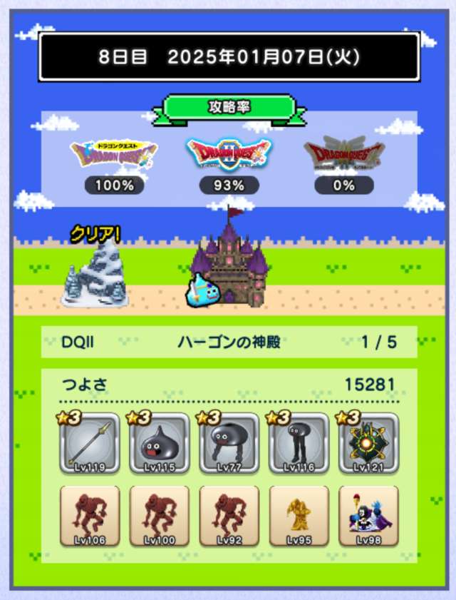 スライムつむりの盾はベニヤに色を塗ったような安物感満載の盾だったけどキンスラの盾はちょっと立体感あるよね、ぷにぷにしてるのかな…におうだちでぽよんと跳ね返す?
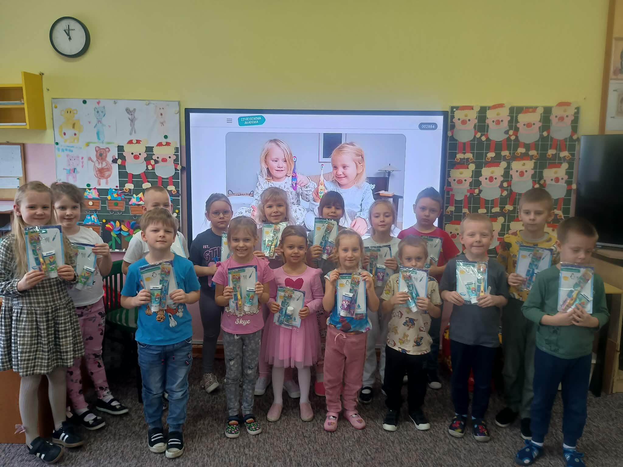 W naszych oddziałach przedszkolnych realizujemy program Akademia Czysciochowa. Dzieci wzięły udział w konkursie "Jak dbam o ząbki", który był jednym z elementów dodatkowych w realizacji programu, w związku z czym przyznane im zostały nagrody. Każde dziecko odebrało zestaw do higieny jamy ustnej - pastę i szczoteczkę do zębów marki Jordan. Gratulujemy dzieciom kreatywnych prac, zaangażowania oraz zdobytych nagród.
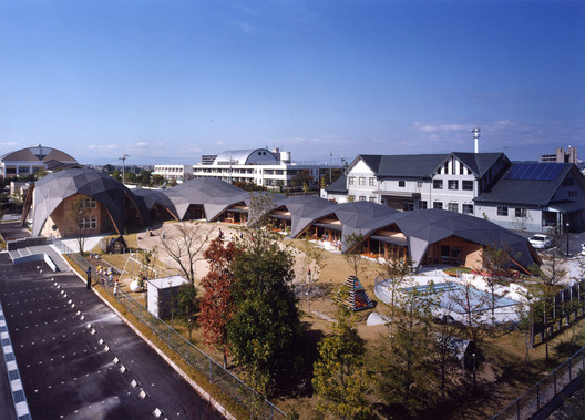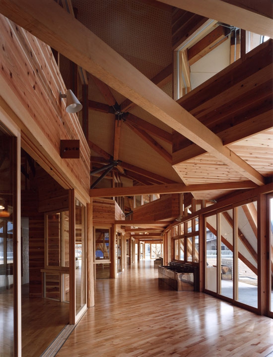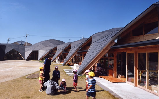 maihara幼兒園它位于日本滋賀縣,它的周邊都是一些新建的住宅區(qū)。混凝土的盒子由連續(xù)的木頭屋頂鏈接為一體,屋頂用連續(xù)的三角形的平面構(gòu)成;它的結(jié)構(gòu)的強度和形狀的連續(xù)性有很大的自由度。屋頂使用2.5米長的木梁和六角形的金屬(接頭)配件,工廠預(yù)制,現(xiàn)場裝配。木制桁架和混凝土盒子組合出各種各樣的結(jié)構(gòu)表現(xiàn)效果。
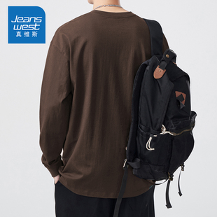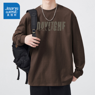 男款 回力白色长袖 纯棉打底衫 春秋上衣男士 t恤男内搭衣服2025新款

----------

Give back the full listing word for word, with the pictures left out.

 スライムつむりの盾はベニヤに色を塗ったような安物感満載の盾だったけどキンスラの盾はちょっと立体感あるよね、ぷにぷにしてるのかな…におうだちでぽよんと跳ね返す?
 W naszych oddziałach przedszkolnych realizujemy program Akademia Czysciochowa. Dzieci wzięły udział w konkursie "Jak dbam o ząbki", który był jednym z elementów dodatkowych w realizacji programu, w związku z czym przyznane im zostały nagrody. Każde dziecko odebrało zestaw do higieny jamy ustnej - pastę i szczoteczkę do zębów marki Jordan. Gratulujemy dzieciom kreatywnych prac, zaangażowania oraz zdobytych nagród.
 maihara幼兒園它位于日本滋賀縣,它的周邊都是一些新建的住宅區(qū)。混凝土的盒子由連續(xù)的木頭屋頂鏈接為一體,屋頂用連續(xù)的三角形的平面構(gòu)成;它的結(jié)構(gòu)的強度和形狀的連續(xù)性有很大的自由度。屋頂使用2.5米長的木梁和六角形的金屬(接頭)配件,工廠預(yù)制,現(xiàn)場裝配。木制桁架和混凝土盒子組合出各種各樣的結(jié)構(gòu)表現(xiàn)效果。
 男款 回力白色长袖 纯棉打底衫 春秋上衣男士 t恤男内搭衣服2025新款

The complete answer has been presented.